The capital city of the Venetian region, was first Oderzo (occupied by the Adriatic Veneti from 10th century BC), next Aquileia (both on the mainland), then Eraclea (on the edge of the lagoon) followed by Malamocco, before finally moving to the islands around Rialto where the land is a bit higher above water level (Rialto->Rivo alto->high bank) in 810-811. Agnello Participazio, member of a rich merchant family from Eraclea, among the leaders of the Venetians after Charlemagne’s people left office and defender of Venice during Pepin’s siege became the Doge shortly after Pepin’s withdrawal (811). Pepin had ravaged Chioggia and Eraclea, so Agnello had it rebuilt renaming it Cittanova (New City) while he fortified the outlying islands of the lagoon (Lido and Pelletrina). He was the one who built the first doge’s palace where St. Marks Square is now, moving the ducal seat from Malamocco to Rivoalto.
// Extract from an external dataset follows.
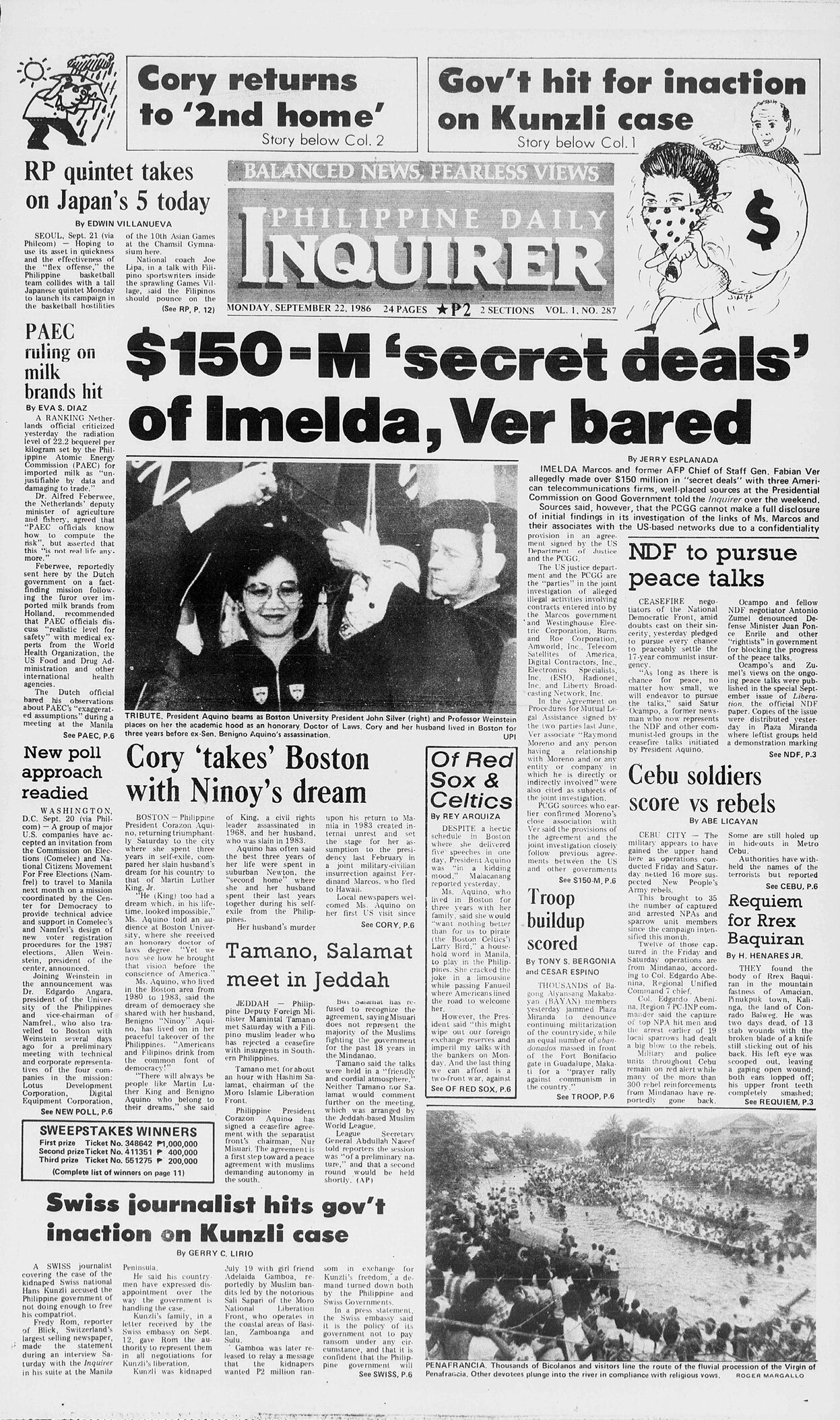 September 22, 1986: $150-M ‘secret deals’ of Imelda, Ver bared by Philippine Daily Inquirer September 22, 2025

According to the tradition Venice was first evangelised by Saint Mark the Evangelist and many Venetians made the pilgrimage to Mark’s grave in Alexandria. During the first year of Giustiniano Participazio (son of Agnello Participazio) as a doge, two Venetian merchants under the orders of the new doge managed to corrupt the Alexandrine monks who guarded the body of Saint Mark the Evangelist in Alexandria and steal it away secretly to Venice on 31 January 828. Hiding the body amongst some pieces of pork allowed the Venetian ship to slip through customs without a very thorough inspection, since Muslims were not permitted to touch the unclean meat (Alexandria was at the time part of the Abbasid Caliphate) and thus Venice got hold of the remains of its new patron Saint. In the beginning the relics were secretly kept by Doge Giustiniano Participazio in the castle built by his father on the site of today’s St. Mark’s square until he decided to build a new ducal chapel dedicated to Saint Mark between the castle and the chapel of Saint Theodore Stratelates (patron saint of Venice before St. Mark) to house the remains: the first Basilica of San Marco in Venice.